### Goal of the exercise
Each line from the one holding "100 percent leather" to the last line below must be restated word for word, and no picture may be included.

### Information shown

[Start of Attachment]

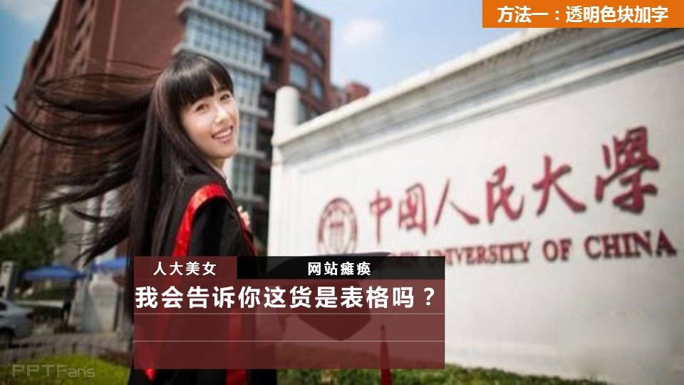 方法1:透明色块,在大图恰当位置,可以模仿网页放置透明色块,然后填上文字,好处是大图的整体感不被破坏。
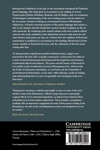 Moving from a definition of the lyric to the innovations introduced by Petrarch's poetic language, this study goes on to propose a new reading of several French poets (Charles d'Orléans, Ronsard, and Du Bellay), and a re-evaluation of Montaigne's understanding of the most striking poetry and its relation to his own prose. Instead of relying on conventional notions of Renaissance subjectivity, it locates recurring features of this poetic language that express a turn to the singular and that herald lyric poetry's modern emphasis on the utterly particular. By combining close textual analysis with more modern ethical concerns this study establishes clear distinctions between what poets do and what rhetoric and poetics say they do. It shows how the tradition of rhetorical commentary is insufficient in accounting for this startling effectiveness of lyric poetry, manifest in Petrarch's Rime Sparse and the collections of the best poets writing after him.
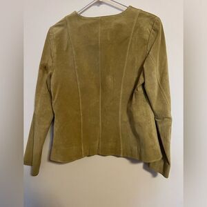 100 percent leather jacket size small. Has small area on arm that needs dry cleaned
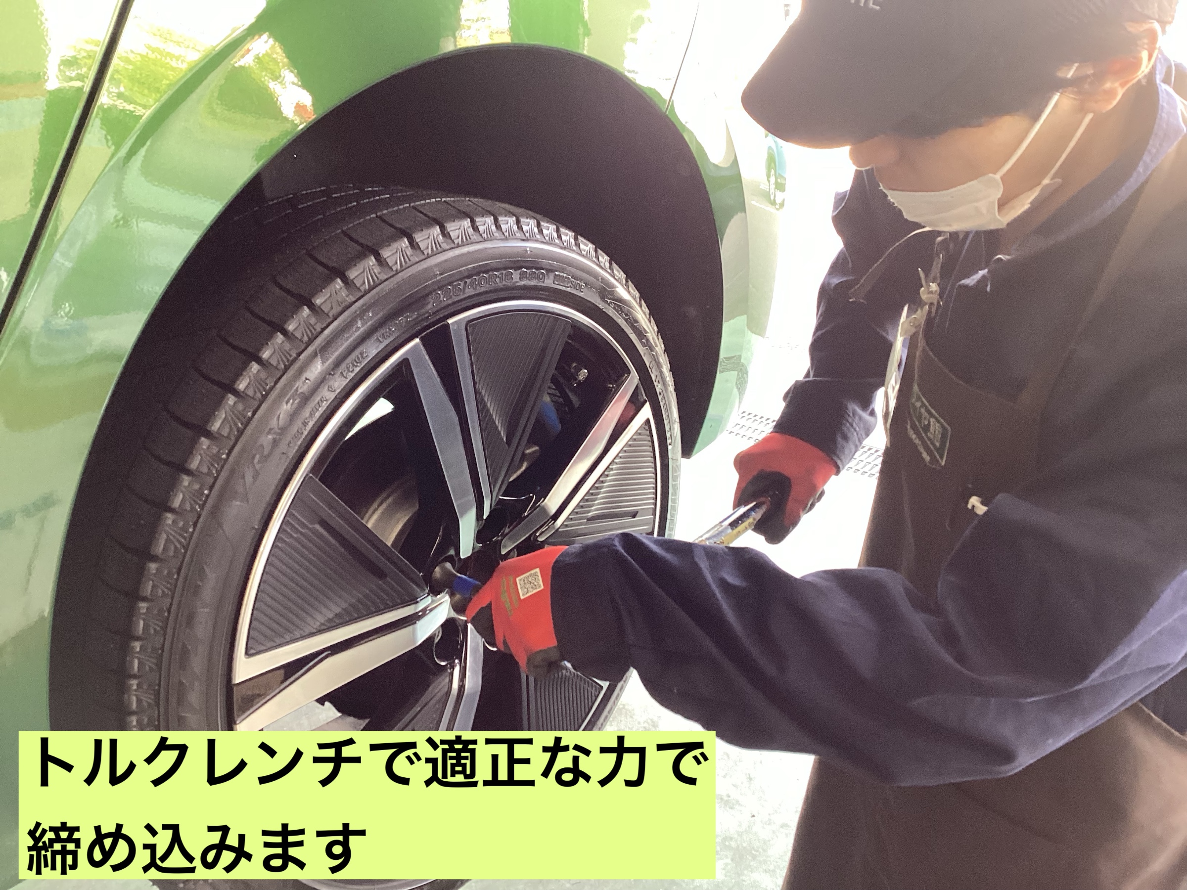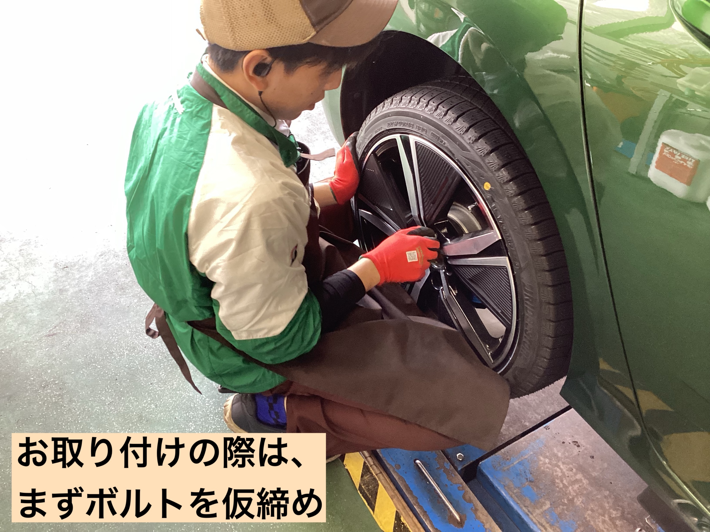 純正ホイールへ冬タイヤを組み替え、バランス調整を行い

[End of Attachment]

### Exercise response
 100 percent leather jacket size small. Has small area on arm that needs dry cleaned
 純正ホイールへ冬タイヤを組み替え、バランス調整を行い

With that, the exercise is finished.